On reaching Fermoy, I found the regiment in barracks, where we remained only a few days, when we received the route to march to Wexford, a town on the west coast of Ireland. On reaching a village that lay in our route, the place being small, and the inhabitants poor, we were but indifferently supplied with billets. Poor Dennis had been rather unwell for a day or two previous, and I hastened to find out our quarters, that we might have an opportunity of lying down. Having inquired for the person we were billeted on, we were directed to a low-roofed cabin, where a tall, masculine-looking old woman was standing in the door-way.

‘Come away, honies,’ said she, with an arch mischievous expression of countenance, ‘you are welcome, I was just waiting for yees.’

‘Thank you,’ said I, stooping down to enter the cabin, which was so filled with smoke that I could see nothing of the interior. By the help of the crone, however, we got ourselves seated by the fire, which was made in the centre of the apartment, the door of which served for chimney, window, and all.

Dennis feeling himself very sick, expressed a wish to lie down, and I asked the landlady to show him our bed, for although I saw none, I thought she might have some other apartment.

‘That I will, I’ll be after making a fahl for the poor boy in a minute.
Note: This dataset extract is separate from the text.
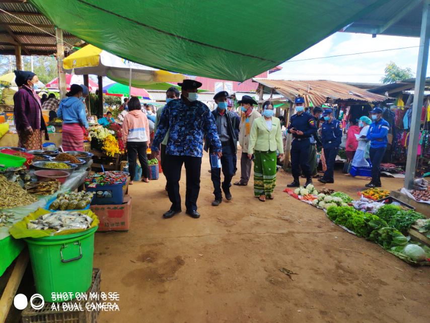 ထိုသို့ဆောင်ရွက်ရာတွင် မြို့နယ် ကိုဗစ်-၁၉ ထိန်းချုပ်ရေးနှင့် အရေးပေါ်တုံ့ပြန်ရေး ကော်မတီဝင် ဌာနဆိုင်ရာများ မြို့နယ်အထွေထွေအုပ်ချုပ်ရေး ဦးစီးဌာန၊ မြို့နယ်အဆင့် ဌာနဆိုင်ရာဝန်ထမ်းများ ၊ မြို့နယ်ရဲတပ်ဖွဲ့၊ မြို့နယ်မီးသတ်တပ်ဖွဲ့နှင့် ဈေးကော်မတီများ ပူးပေါင်း၍ ကူးစက်မှုနှုန်း များပြားလာသည့် အသက်ရှူလမ်းကြောင်းဆိုင်ရာ ကိုဗစ်-၁၉ ရောဂါ ကူးစက်ပြန့်နှံ့မှု မဖြစ်ပေါ်စေရေး အတွက် အသိပညာပေးလုပ်ငန်းများ အရှိန်အဟုန်မြှင့် ဆောင်ရွက်လျက်ရှိရာ နေအိမ်ပြင်ပသို့ ထွက်ခွာသွားလာနေသော ပြည်သူများ ဈေးရောင်းချသူများ၊ ဈေးဝယ်သူများနှင့် ခရီးသွားပြည်သူများ မဖြစ်မနေနှာခေါင်းစည်း (Mask) တပ်ဆင်ခြင်းရှိ/မရှိ နှင့် ကျန်းမာရေးနှင့် အားကစားဝန်ကြီးဌာနက ထုတ်ပြန်ထားသော ကိုဗစ်-၁၉ လမ်းညွှန်ချက်များ စည်းကမ်းချက်များကို အလေးထား လိုက်နာ နေထိုင်သွားလာမှု ရှိ/မရှိတို့ကို စစ်ဆေးပြီး နှာခေါင်းစည်း (Mask) တပ်ဆင်ခြင်း မရှိသူများအား ချက်ချင်းဝယ်ယူ တပ်ဆင်စေခဲ့ကြောင်း သိရသည်။

Get up out o’ that,’ said she, angrily,to some one who lay on a bundle of straw, in a dark corner of the room, enveloped in something resembling an old great coat.

‘O don’t disturb any body for us.’

‘Troth and it’s myself that will,’ and seized a stick that was lying by the fire to chastise the object she had addressed.

Seeing the miserable appearance of the hovel, I had made up my mind to seek other quarters, and was proceeding to remonstrate, but before I could, the old woman had inflicted the blow; a grunt followed, and presently an enormous pig, carrying the half of the straw, and the ragged coat on his back, came running towards the door, and in his struggle to pass me, threw me over. Ill as Dennis was, he could not help laughing, and the old woman, instead of condoling with me on my misfortune, exclaimed, ‘What a smashing sodger you are, to let the pigs knock you down.’

‘Come away, Dennis,’ said I, ‘if this is a specimen of your country, you have much reason to be proud of it.’

‘Och! is that the way you are going to leave me?’ said the old hag, when she saw us moving off.

‘Troth is it,’ replied Dennis, ‘for I would be sorry to disturb any of the decent family.’

We luckily procured a lodging in a public-house near the cabin, and having mentioned our reason for changing our quarters—

‘Judy is too many for ye,’ said our host; ‘she’s no friend to the sodgers any how: she lost two brave boys in the rebellion, and was a right rebel herself. I have seen the day when she would have thought no more of knocking down a man than of eating her breakfast. It’s not many years since, when we had a fair here, the boys were seemingly going to disperse without a bit of arow, and bad luck to me if she didn’t take off her jock, and holding it by the one sleeve, trailed it through the fair, crying out to her own party, that the blood of the O’Briens had turned into buttermilk, or they wouldnever let the faction of the Murphies home, without a blow being struck. ‘Come, you chicken-hearted rogues?’ said she, while she brandished a stick in her hand, ‘let me see the thief’s breed of a Murphy that will dare to put his foot on my jock.’ The boys only laughed at first, but some one in the crowd, out of contempt, threw a dead rat which struck her on the face; this enraged her so, that she knocked down the man nearest her, and in a twinkling there was a fight that beat anything ever was seen, and she was there to the last. But the devil himself’s but a fool to ould Judy.’